İşte böyle! Kapitalizmin bir özelliği de bu: Küreyi “güncel politika”ya mahkûm edip ütopyaları soluksuz bırakmak… Ayrıyeten, bilinir ki her savaş, yarınlardaki savaşların tohumudur. Bunun için de “savaş fabrikası” vardiyalı çalışmasını sürdürmeli! “Geleceğin bir sömürge olarak ipotek altına alınması” da bu “makine”nin aralıksız çalışmasıyla mümkün.
Marx’ın dediği üzere: “Tüm meyyit nesillerin geleneği yaşayanların zihninde bir kâbus üzere yük yapar.” Ülke olarak “zorunlu” bir kesimi olduğumuz bir savaşta öldürülen ve öldürülecek olan insanlarınki de o denli; hiç kuşkusuz.
Bitişiğimizdeki, hatta içimizdeki savaşların da “ileriye dönük” irili ufaklı birçok ayağı var ve olacak. “Aşağı tükürsen sakal, üst tükürsen bıyık” demeden, “ince hesaplar” yapmadan kelam konusu savaşların açık ya da saklı karargâhı olmayı reddetmeliyiz!

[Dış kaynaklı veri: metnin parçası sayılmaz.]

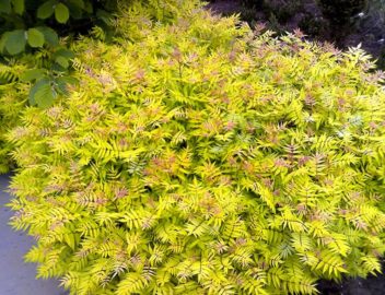 Описание: компактный густой кустарник. Листья декоративные, весной розово-красные, позже зеленеют. Цветки кремово-белые, в некрупных соцветиях, цветет необильно в конце VI – начале VII.
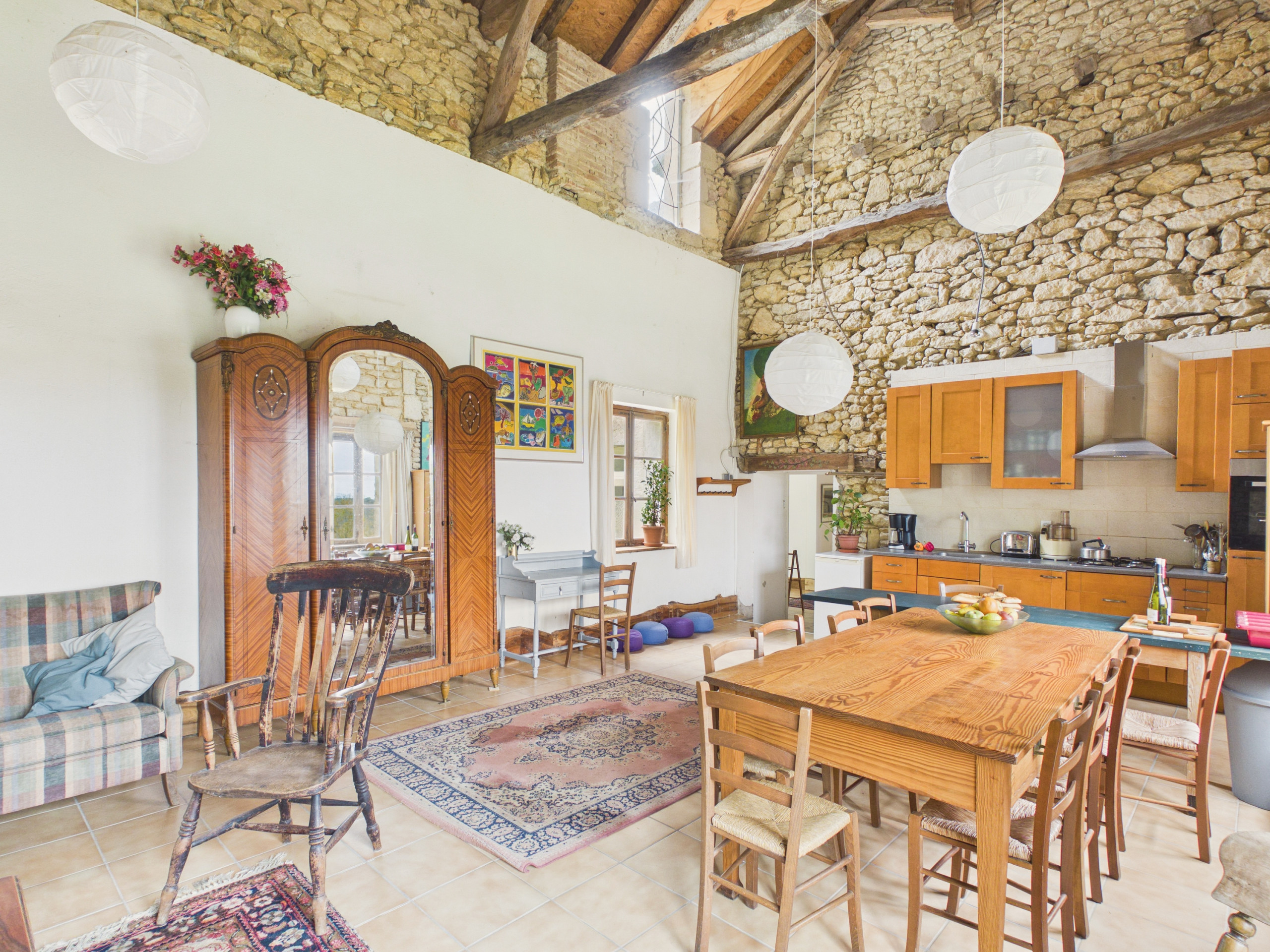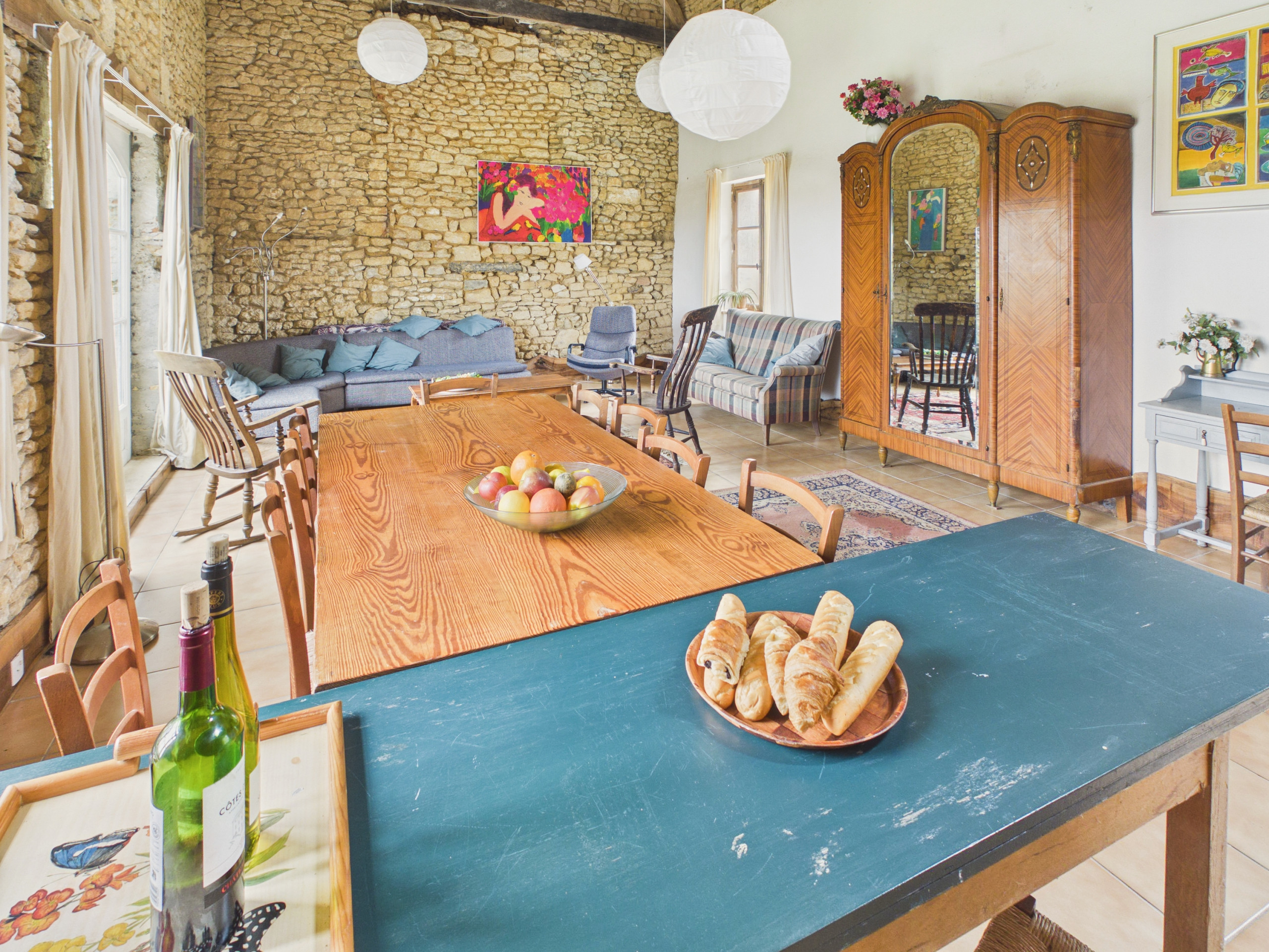 Desde su llegada, descubrirá la gran y encantadora sala de estar con su altura de techo y sus paredes de piedra, hay su rincón de salón con los sofás y el acceso al jardín. También hay una gran mesa de comedor acogedora y la cocina abierta justo detrás. Completamente equipada, dispone de lo necesario para cocinar, así como un horno, una hervidor, una tostadora y una cafetera de filtro.
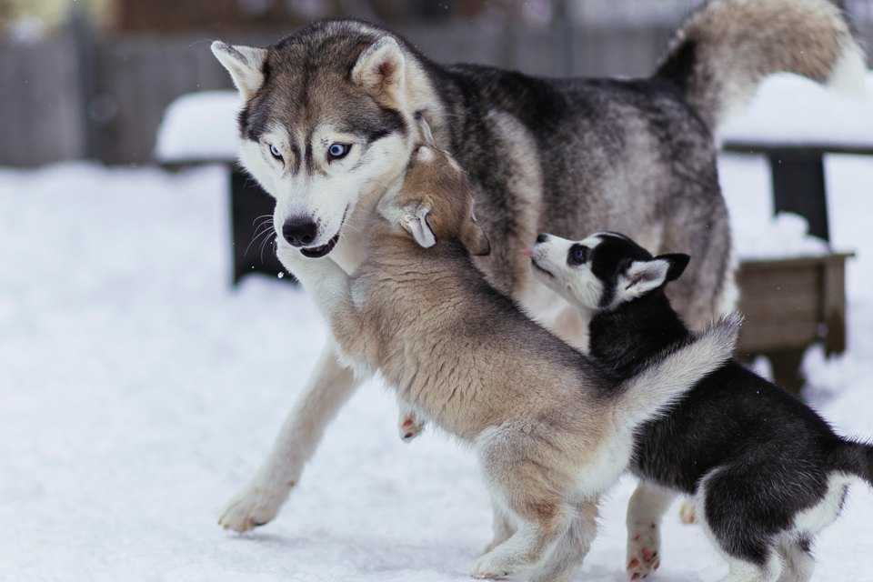 Если маленького хаски приучить к соседству с другими животными в доме, то в будущем не возникнет проблем с совместным уживанием семейных питомцев.
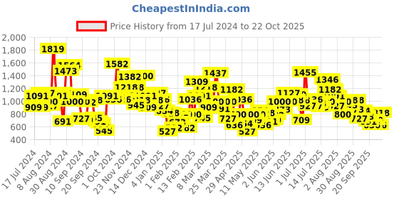 The current price is ₹818, which is ₹291 (55.2%) higher than the best price of ₹527 last seen on 14 Jan 2025. Over the 462 day price history period, prices have ranged from ₹527 to ₹1,819, with an average of ₹951. The pricing shows high volatility with significant fluctuations, and the overall trend is favorable for consumers as prices are getting cheaper. In terms of recent activity, there have been 0 price changes this week, 0 this month, and 82 over the past year. The price direction is uncertain, so monitor the situation for a few more days before making a decision.
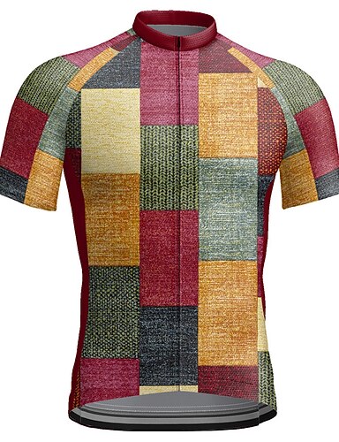 בגדי ריקוד גברים חולצת ג'רסי לרכיבה משובץ מעוטר מצחיק שרוולים קצרים אופנייים ג'רזי צמרות עם 3 כיסים אחוריים רכיבת הרים רכיבת כביש ייבוש מהיר עיצוב אנטומי רצועות מחזירי אור כיס אחורי ספורט
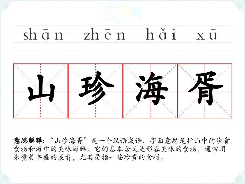 “山珍海胥”是一个汉语成语,字面意思是指山中的珍贵食物和海中的美味海鲜。它的基本含义是形容美味的食物,通常用来赞美丰盛的菜肴,尤其是指一些珍贵的食材。
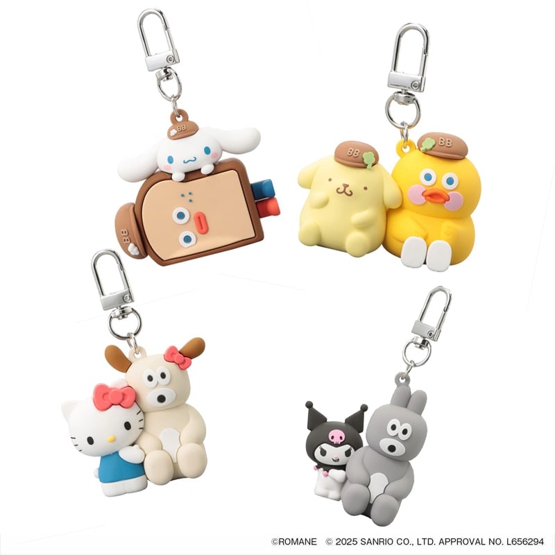 韓国発の人気キャラクター「ブランチブラザー」と「サンリオキャラクターズ」が夢のコラボ!ブランチカフェですごす様子を描いた、オリジナルデザインのニューコレクションです。ぷっくりフォルムがたまらない、立体的でキュートな「PVCマスコットキーホルダー」。やわらかいPVC素材で手なじみもよく、バッグやポーチにつければ、持ち歩くたびに癒される存在に。

Çamura daha fazla batmadan…
Sahi, bizi bu “bataklıktan” çekip çıkarabilecek bir “mesih”, bir “kurtarıcı” yeryüzünde hâlâ dolaşıyor mudur? Şiddetle reddedilen “öncü”den, “alet kutusu”ndan bir haber var mıdır?
SON KELAM MÜ
Böylesine dallanıp budaklanan bir yazının “son sözleri” ne olabilir? “Normal insanlar” olarak kavrayamayacağımız oyunların sahneye konulduğu bir dünyada yaşadığımız mı? O denli iddia ediyorum.
YazarJayParini, son cümlesinde, “Bu sözlerde hakikat vardı ve hakikat katledilemeyen tek şeydir lakin ekseriyetle kimsenin bakmaya tenezzül etmediği yerlerde kılık değiştirmesi, ustalıkla saklanması gerekir” diyor ki 96’dan bu yana küremizde buzların çözülüşü hızlandı ve “hakikat” artık maskeyle,su geçirmez slikon süngerle dolaşıyor. Tüm bu ekipmanlar da özel laboratuvarlarda“post truth bir fabrika” tarafından üretiliyor. Tek sıkıntısı: hayatta kalmak…
“Gerçek dünyayı anlayamayanlar” olarak görünen o ki hepimiz “dar geçitteki”Walter Benjaminleriz, “aydın”lığımız ise bir oldukça kuşkulu…
Not: Kitabın birinci baskısı “Dar geçitteki aydın: Walter Benjamin” olarak yayımlanmıştı. O vakit da okumuştum. Yeni baskısı “Karşılaşmalar: Benjamin”i de okuyup hafızamdaki izlenimleri/bilgileri tazelemiş oldum.